Right now, while the rest of the world lives in 2026, Ethiopia is in 2018.
Not a joke. Not a metaphor. The official state calendar of Ethiopia — used by its 120 million people, its government, its courts, and its schools — is the Ge'ez calendar, which runs 7 to 8 years behind the Gregorian calendar most of the world uses.
Ethiopia celebrated the millennium on September 12, 2007. When the rest of the world was watching the global financial crisis unfold.
How the calendar works:
The Ge'ez calendar has 13 months. Twelve months of exactly 30 days each, plus a 13th month called Pagumē — which has 5 days (or 6 in a leap year). That 13th month's name comes from the Greek word for "days forgotten when a year is calculated."
Each leap year is named after a biblical evangelist: the John year, then the Matthew year, then the Mark year.
New Year's Day falls on September 11 (or September 12 before a Gregorian leap year). It's called Enkutatash, meaning "gift of jewels."
Why the 7-year gap?
Both calendars use the birth of Jesus as their starting point, but they disagree on when exactly that happened.
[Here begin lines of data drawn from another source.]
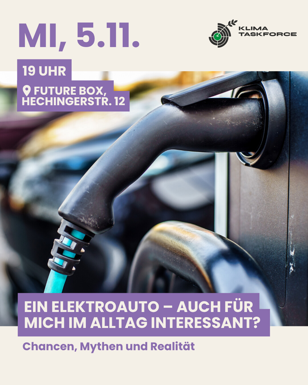 Unter dem Titel „Ein Elektroauto – auch für mich im Alltag interessant? Chancen, Mythen und Realität“ lädt die Klima-Taskforce zum Informationsabend ein.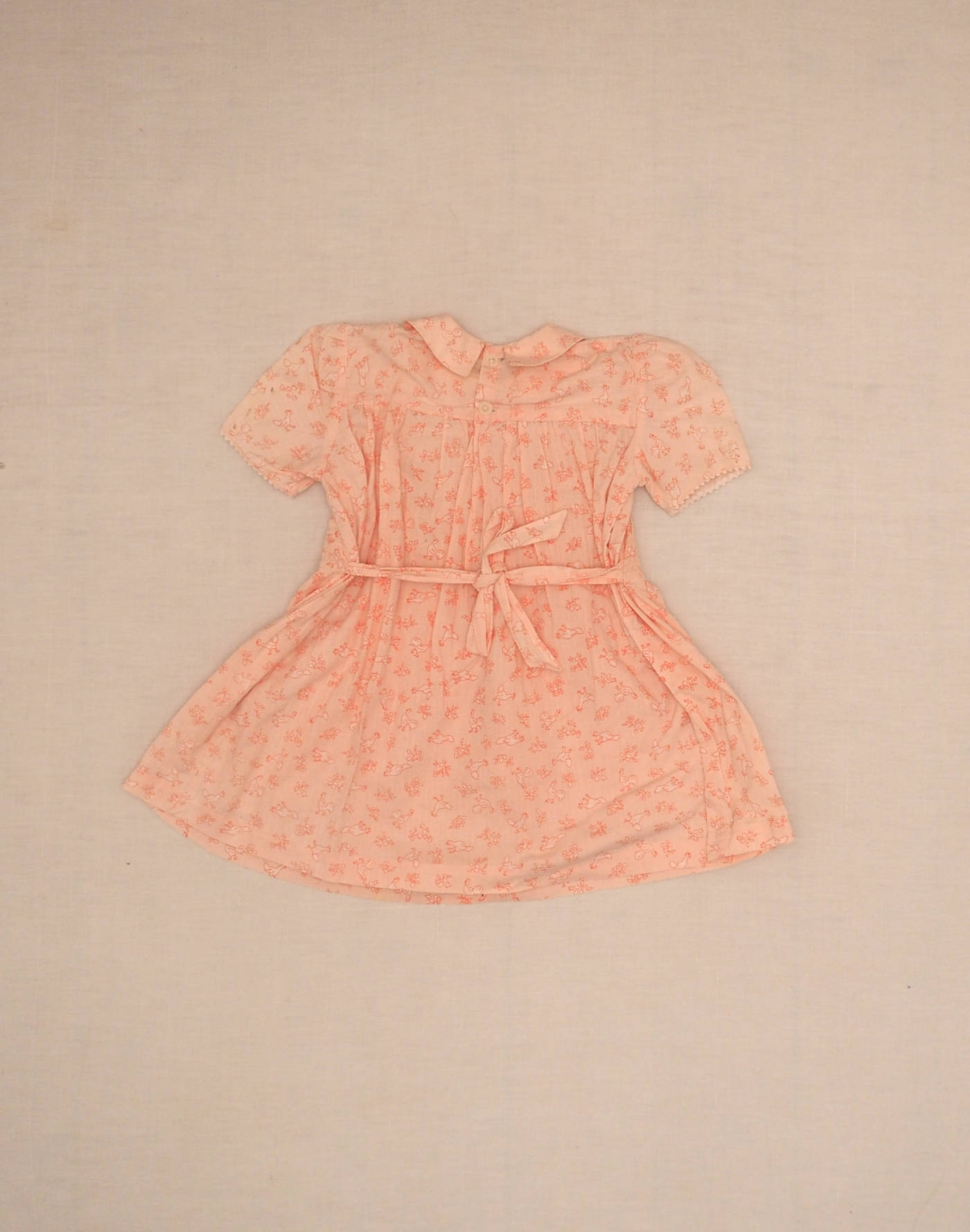 Années 1950. Très jolie robe rose à fin motif poules et fleurs, smocks sur la taille, manches courtes ballon bordées de croquet blanc, col claudine, une bride à nouer dans le dos, dermée par deux boutons derrière. Très bon état, pas d’étiquette de composition mais toucher coton.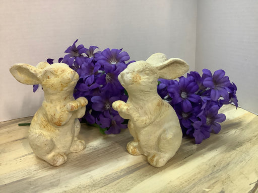 Only 2 left!Begging Easter bunny faux cement figurine- 5”x4” - distressed cream and gold color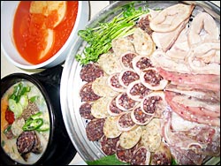 場所は水原商工会議所前。スンデ1万ウォン(2人前)、スンデスープ4000ウォン、鍋・炒め物1万2000ウォン。問い合わせ(031)256-2323。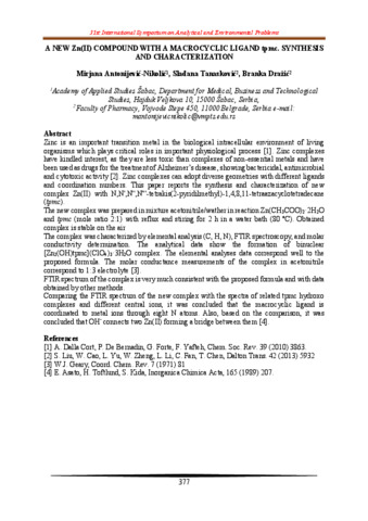 Antonijević-Nikolić Mirjana; Tanasković Sladana; Dražić Branka: A new Zn(II) compound with a macrocyclic ligand tpmc : synthesis and characterization : [abstract].
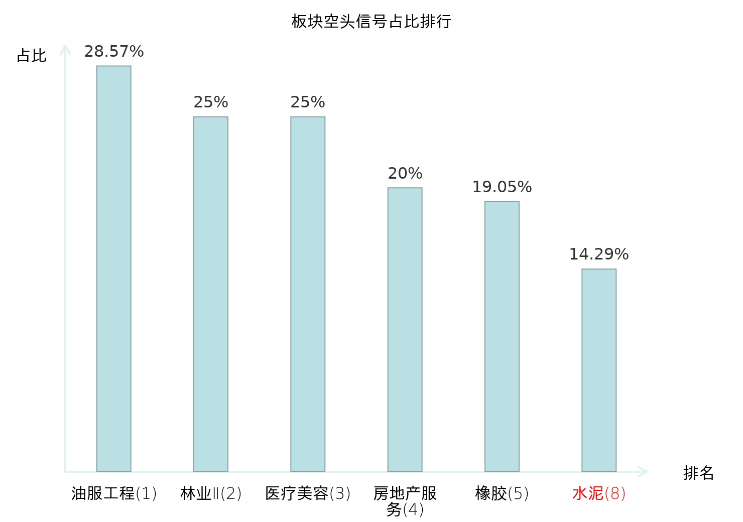 全市场所有行业板块中主力空头信号占比排名中,油服工程板块位居第一。炼化及贸易板块名次提升最快,较昨日上升102位。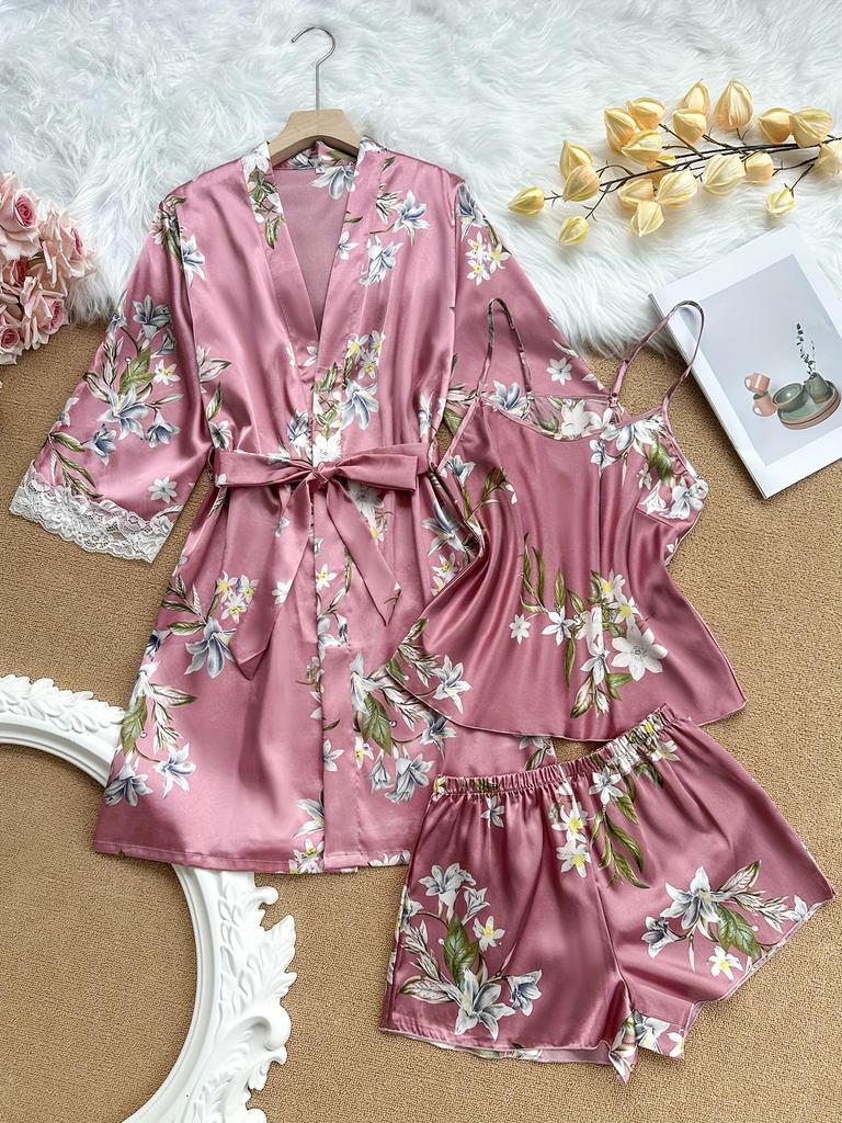 size: L, Top Length: 55.5cm, Top Bust: 96cm, Pants Waistline: 70cm, Pants Hip: 110cm, Pants Length: 31.5cm, Robe Length: 90.5cm, Robe Shoulder: 44.5cm, Robe Bust: 118cm.
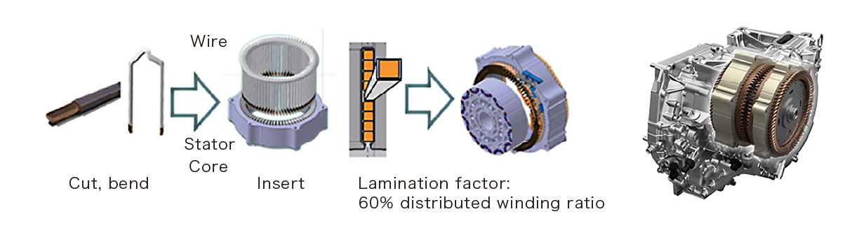 Around 2010, HGT began developing segment conductor wound motors, in which coils are assembled by processing copper wire with a square cross section, in parallel with distributed winding. At the same time, EG also began to study the feasibility of this motor, focusing on the advantages of the manufacturing process, such as realizing lightweight and compact motors at reduced production costs.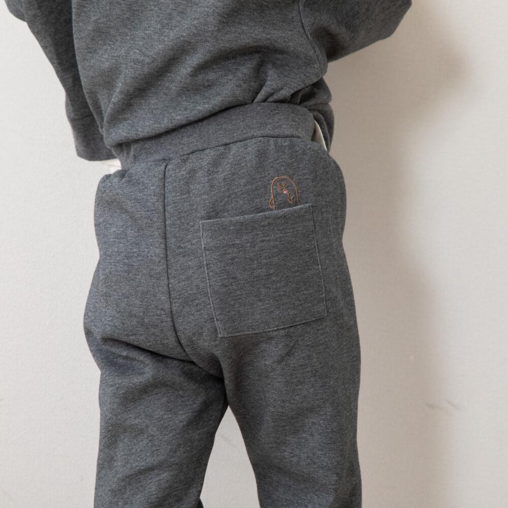 ウエスト総ゴム仕様、裾口リブ、後ろポケット、ワンポイント刺繍入り

The Ethiopian Orthodox Church follows an older calculation — based on the early Church Fathers — that places the Annunciation roughly 7 to 8 years after the date Western Christianity settled on.
The method for calculating these dates is called Bahere Hasab — Amharic for "sea of thoughts."
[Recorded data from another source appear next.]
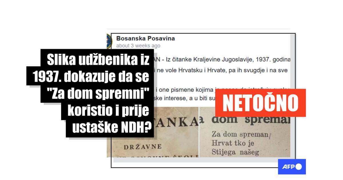 "ZA DOM SPREMAN - Iz čitanke Kraljevine Jugoslavije, 1937. godina," piše u objavi na Facebooku od 25. srpnja 2025. U objavi se nalaze dvije slike: prva prikazuje stranu knjige na kojoj se može pročitati: "Prva čitanka za državne narodne osnovne škole u Kraljevini Jugoslaviji, treće izdanje" koju je priredio dr. Sigismund Čajkovac. Može se vidjeti datum odobrenja ministarstva prosvjete "1937"; na drugoj slici nalazi se tekst pjesme pod naslovom "Za dom spreman."
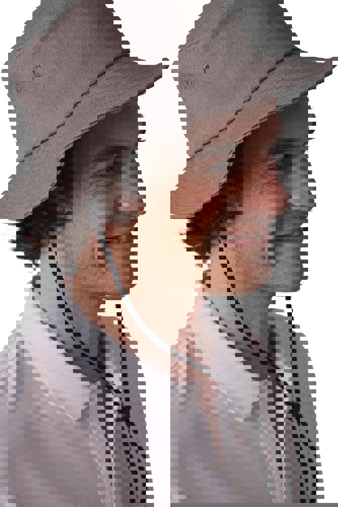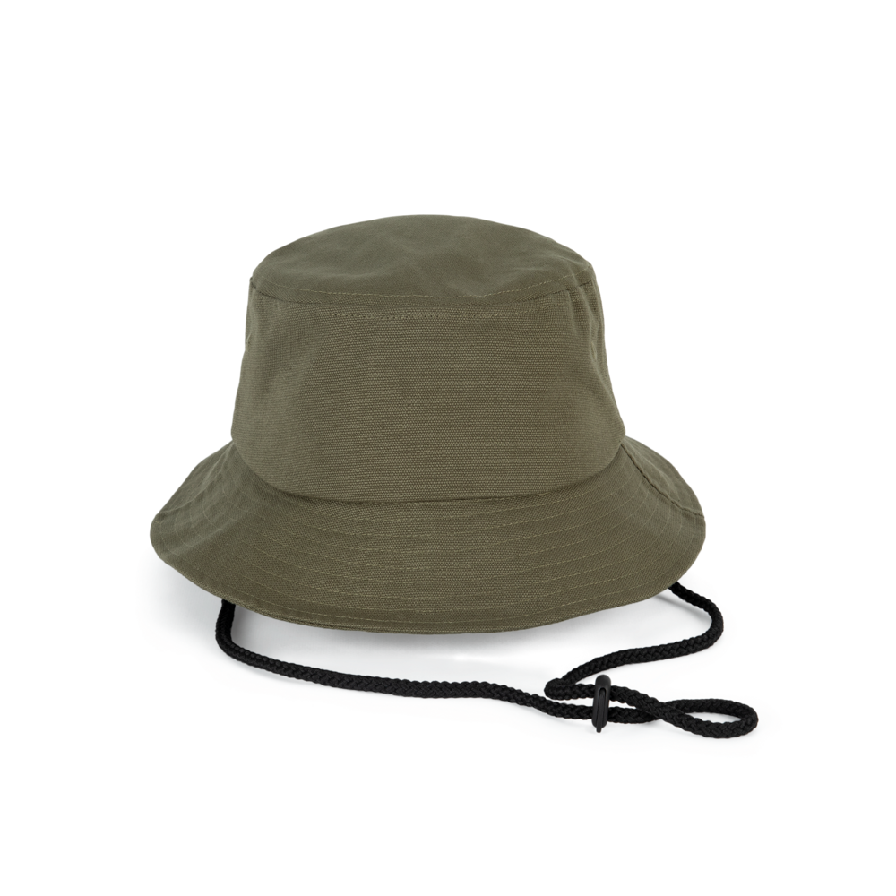 100% katoen. Katoenen bob in de stijl van een bucket hat. Veter met stopper. Tear-away merklabel.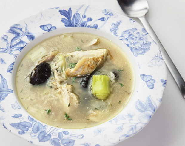 Шотландская праздничная похлебка, в которой курицу сначала также нужно обжарить, а затем залить уже готовым куриным бульоном. Засыпают этот суп рисом и черносливом, взятым в равных пропорциях.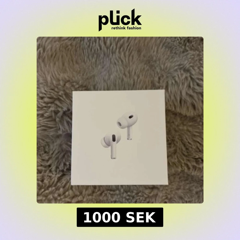 Säljer ett par Apple AirPods Pro i originalförpackning. Allt ser komplett ut med laddningsetui och kabel. Produkten ser ut att vara i mycket gott skick utan synliga repor eller slitage. Perfekt för dig som vill ha trådlösa hörlurar med aktiv brusreducering.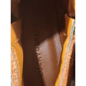 Label/Tag details: Interior size print reads 9.5M/39.5 and lists LEATHER UPPER, FABRIC MAN MADE LINING, MAN MADE SOLE, MADE IN CHINA, LK BASEL 5; Lucky Brand logo also appears on the insole, zipper pulls, and outsoles.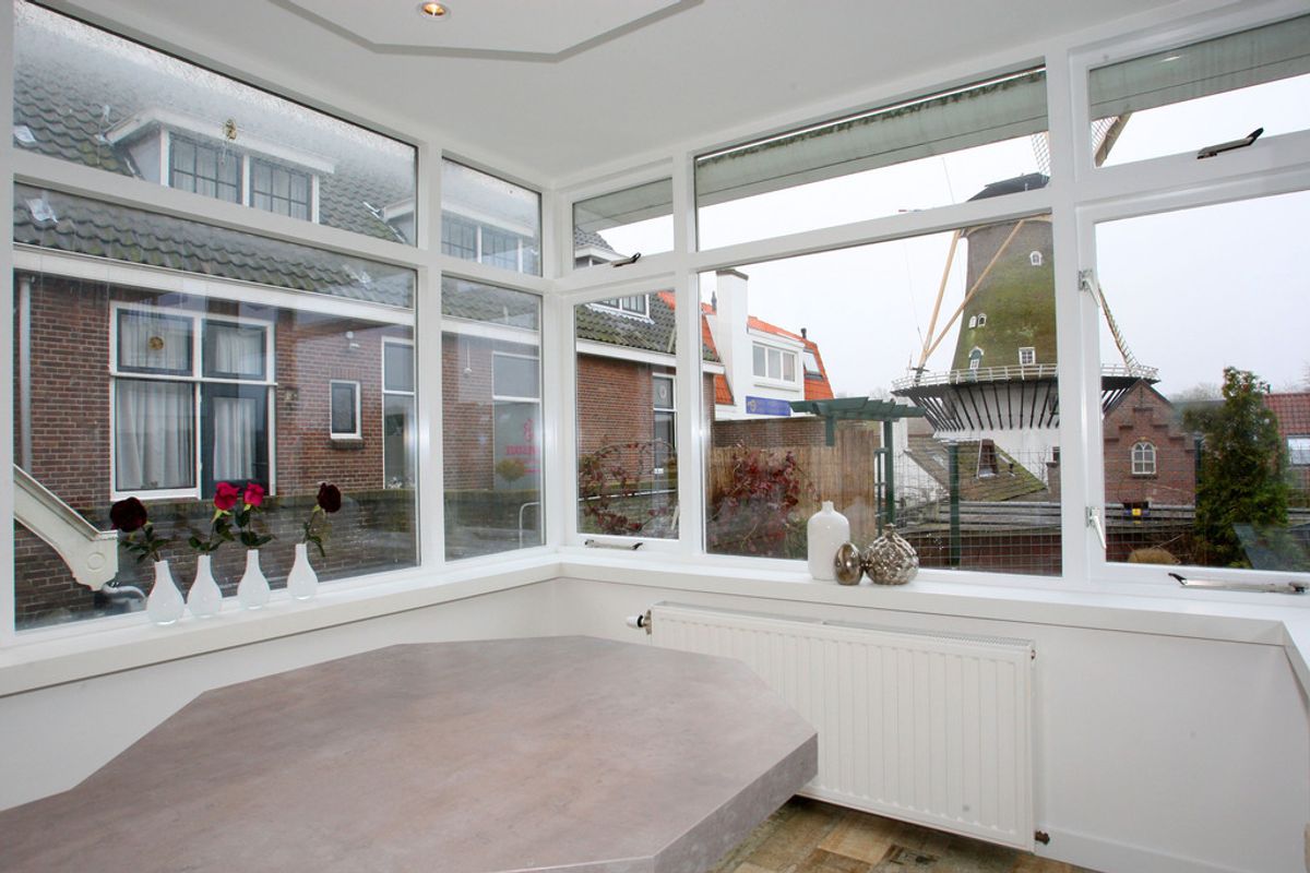 Hal, toilet, woonkamer met openhaard en aan de voorzijde een klein balkonnetje en aan de achterzijde van de woonkamer bereikt u door middel van openslaande deuren het riante dakterras met uitzicht op de molen. Het dakterras biedt zeer veel privacy en is voorzien van zonnewering (gelegen op het ZuidWesten), de woonkeuken is van alle gemakken voorzien en heeft een eettafel die aan de keuken vast zit.

And time works differently too. Ethiopia doesn't use a standard 24-hour clock. Instead, the day is split into two 12-hour cycles: dawn to dusk, then dusk to dawn. When it's 7am Gregorian time, Ethiopians call it 1 o'clock — one hour after sunrise.
Ethiopia is one of only a handful of countries that was never colonised by a European power. It didn't adopt the Gregorian calendar because nobody imposed it. The Ge'ez calendar is still here because Ethiopia kept it.